• [TASK BRIEF]
The line with "off-white/brown cotton blend" marks the first line to copy, and the line with "Кулон изготовлен на" marks the last. Transcribe that stretch of the data below exactly, without pictures.

========

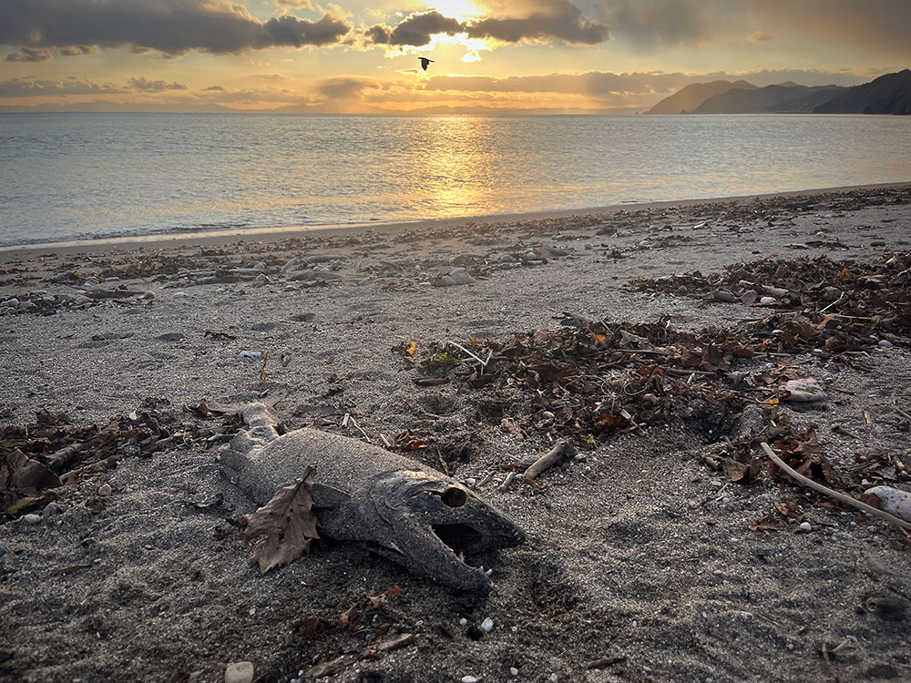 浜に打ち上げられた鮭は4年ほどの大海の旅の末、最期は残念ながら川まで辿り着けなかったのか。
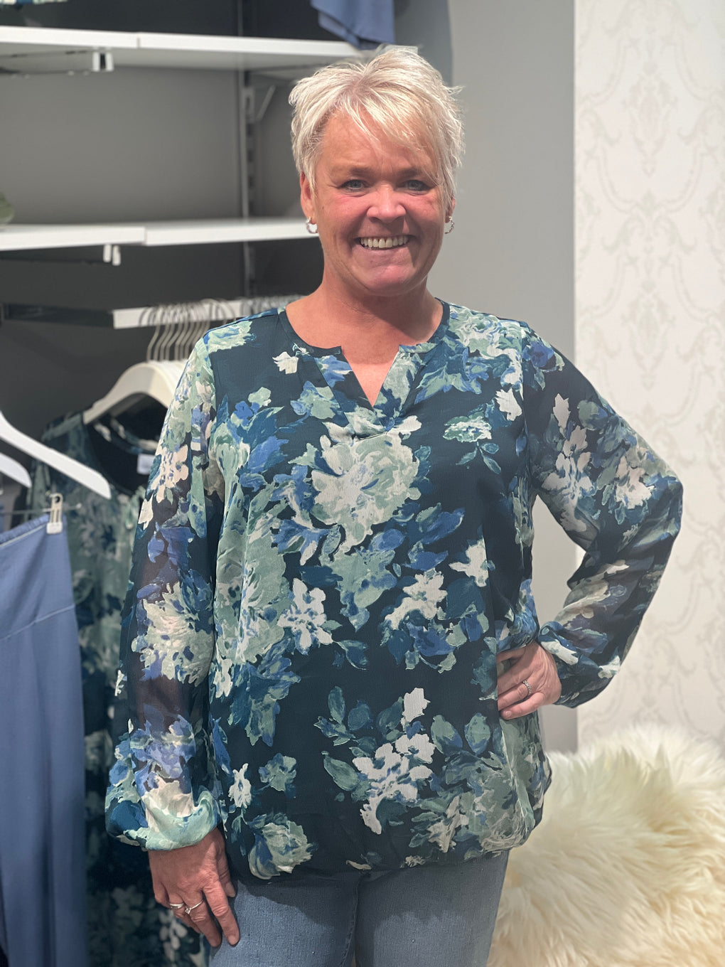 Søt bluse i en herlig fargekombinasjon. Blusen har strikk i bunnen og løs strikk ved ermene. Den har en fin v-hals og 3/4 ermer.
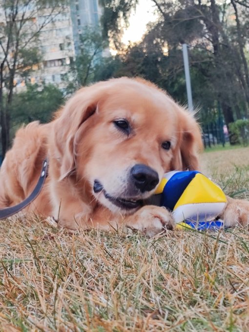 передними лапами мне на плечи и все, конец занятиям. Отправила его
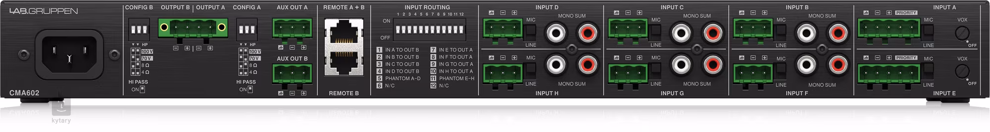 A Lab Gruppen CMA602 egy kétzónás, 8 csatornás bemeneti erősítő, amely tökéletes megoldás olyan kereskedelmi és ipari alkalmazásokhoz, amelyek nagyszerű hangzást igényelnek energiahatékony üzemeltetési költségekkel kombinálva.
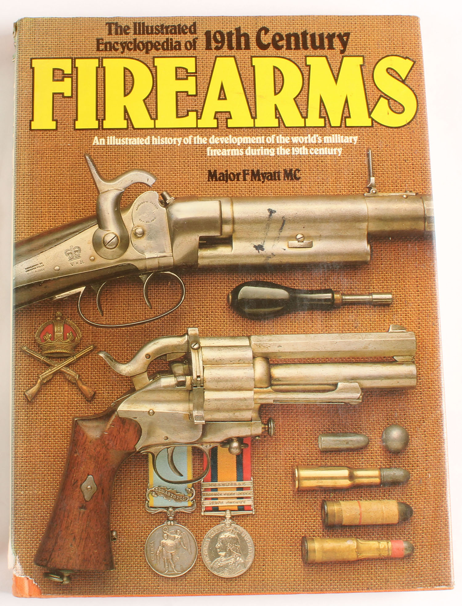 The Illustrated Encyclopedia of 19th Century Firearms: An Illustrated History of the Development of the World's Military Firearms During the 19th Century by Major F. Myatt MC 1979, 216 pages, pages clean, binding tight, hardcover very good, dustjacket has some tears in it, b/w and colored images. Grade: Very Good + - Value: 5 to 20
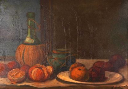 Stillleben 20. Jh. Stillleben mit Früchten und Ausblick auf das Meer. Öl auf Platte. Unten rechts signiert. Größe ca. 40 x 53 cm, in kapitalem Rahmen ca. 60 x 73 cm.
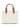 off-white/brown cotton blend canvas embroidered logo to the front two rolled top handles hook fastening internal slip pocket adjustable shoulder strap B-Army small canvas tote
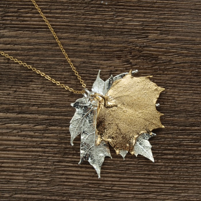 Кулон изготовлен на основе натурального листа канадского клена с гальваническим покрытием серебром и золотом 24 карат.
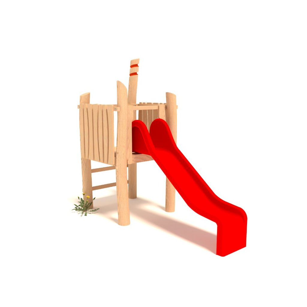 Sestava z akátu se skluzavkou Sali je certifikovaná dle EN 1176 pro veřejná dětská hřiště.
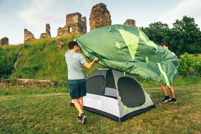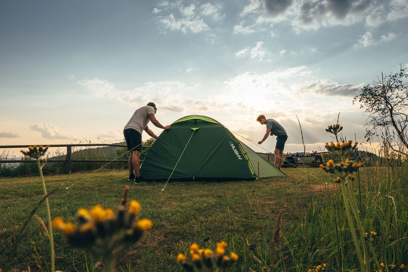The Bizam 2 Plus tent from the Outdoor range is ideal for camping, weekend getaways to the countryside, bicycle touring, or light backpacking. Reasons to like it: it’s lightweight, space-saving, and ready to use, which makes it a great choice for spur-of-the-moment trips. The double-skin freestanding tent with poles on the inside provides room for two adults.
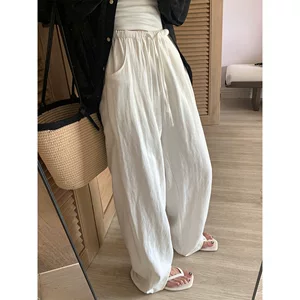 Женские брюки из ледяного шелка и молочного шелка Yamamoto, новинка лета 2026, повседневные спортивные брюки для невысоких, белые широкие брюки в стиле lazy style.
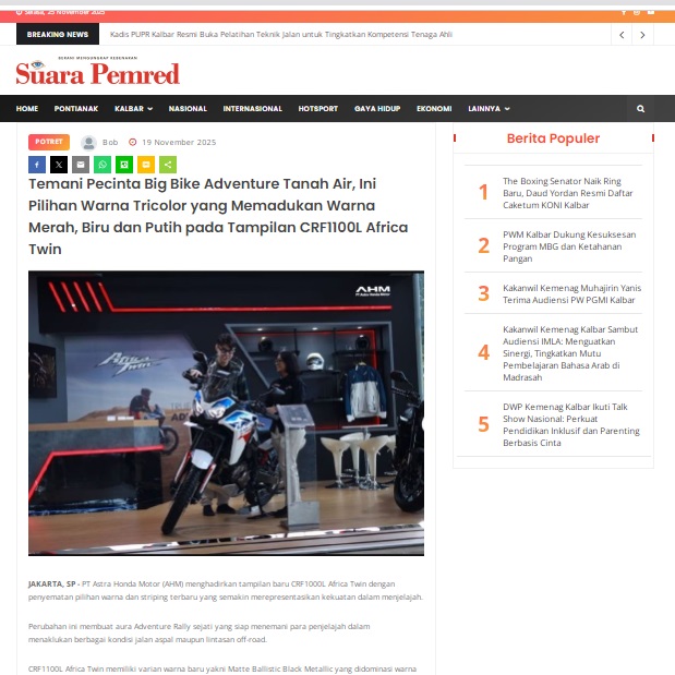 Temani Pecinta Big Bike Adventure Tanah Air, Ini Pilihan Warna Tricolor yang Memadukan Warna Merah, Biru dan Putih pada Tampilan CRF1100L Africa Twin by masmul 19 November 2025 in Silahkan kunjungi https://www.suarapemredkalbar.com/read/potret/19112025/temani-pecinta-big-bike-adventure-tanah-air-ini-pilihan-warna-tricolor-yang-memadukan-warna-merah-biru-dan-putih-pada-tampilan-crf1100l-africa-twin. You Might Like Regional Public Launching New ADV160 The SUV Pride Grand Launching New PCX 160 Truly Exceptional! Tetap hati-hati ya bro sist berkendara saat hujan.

========

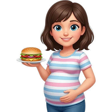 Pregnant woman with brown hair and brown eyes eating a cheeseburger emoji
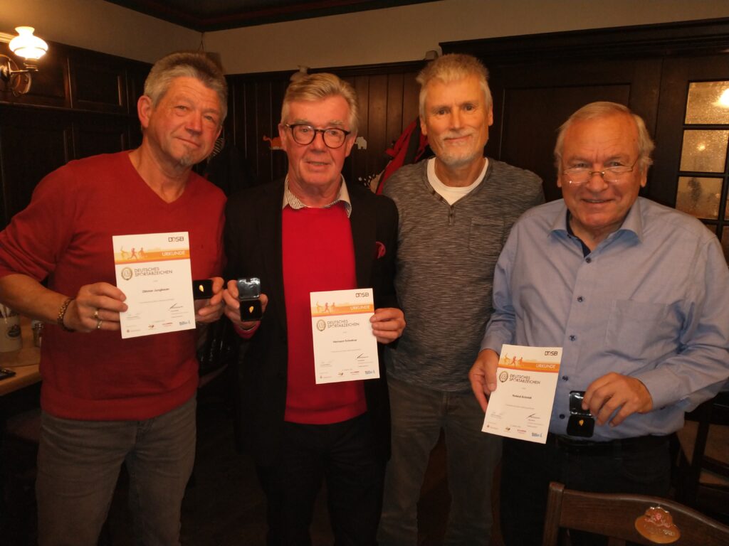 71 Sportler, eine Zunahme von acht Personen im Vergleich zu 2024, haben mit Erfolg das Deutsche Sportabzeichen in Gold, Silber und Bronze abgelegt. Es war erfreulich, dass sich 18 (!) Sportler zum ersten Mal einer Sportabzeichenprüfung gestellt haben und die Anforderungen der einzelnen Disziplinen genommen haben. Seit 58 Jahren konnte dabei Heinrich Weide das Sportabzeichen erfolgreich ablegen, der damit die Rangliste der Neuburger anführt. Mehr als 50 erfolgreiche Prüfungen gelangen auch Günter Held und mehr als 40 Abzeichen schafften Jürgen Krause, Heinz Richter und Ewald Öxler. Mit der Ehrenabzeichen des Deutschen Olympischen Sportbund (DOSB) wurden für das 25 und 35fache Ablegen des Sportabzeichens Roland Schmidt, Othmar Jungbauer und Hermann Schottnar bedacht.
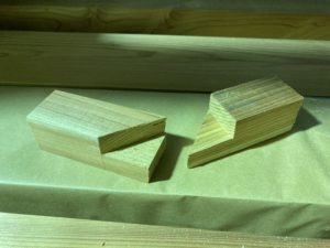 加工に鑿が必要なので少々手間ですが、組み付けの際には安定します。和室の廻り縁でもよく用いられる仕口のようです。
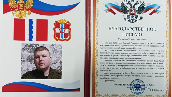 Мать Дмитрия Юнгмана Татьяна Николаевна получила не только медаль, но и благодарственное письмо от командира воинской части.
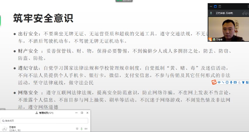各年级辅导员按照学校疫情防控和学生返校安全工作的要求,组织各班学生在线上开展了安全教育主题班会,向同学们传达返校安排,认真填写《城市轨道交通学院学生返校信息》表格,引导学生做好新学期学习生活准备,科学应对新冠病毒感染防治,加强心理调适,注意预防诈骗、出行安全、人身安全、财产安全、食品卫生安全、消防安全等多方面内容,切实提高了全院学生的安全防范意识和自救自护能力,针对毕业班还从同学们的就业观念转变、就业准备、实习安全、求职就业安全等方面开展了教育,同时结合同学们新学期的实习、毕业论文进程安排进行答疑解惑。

========

• [SOLUTION FOR THIS EXERCISE]
 off-white/brown cotton blend canvas embroidered logo to the front two rolled top handles hook fastening internal slip pocket adjustable shoulder strap B-Army small canvas tote
 Кулон изготовлен на основе натурального листа канадского клена с гальваническим покрытием серебром и золотом 24 карат.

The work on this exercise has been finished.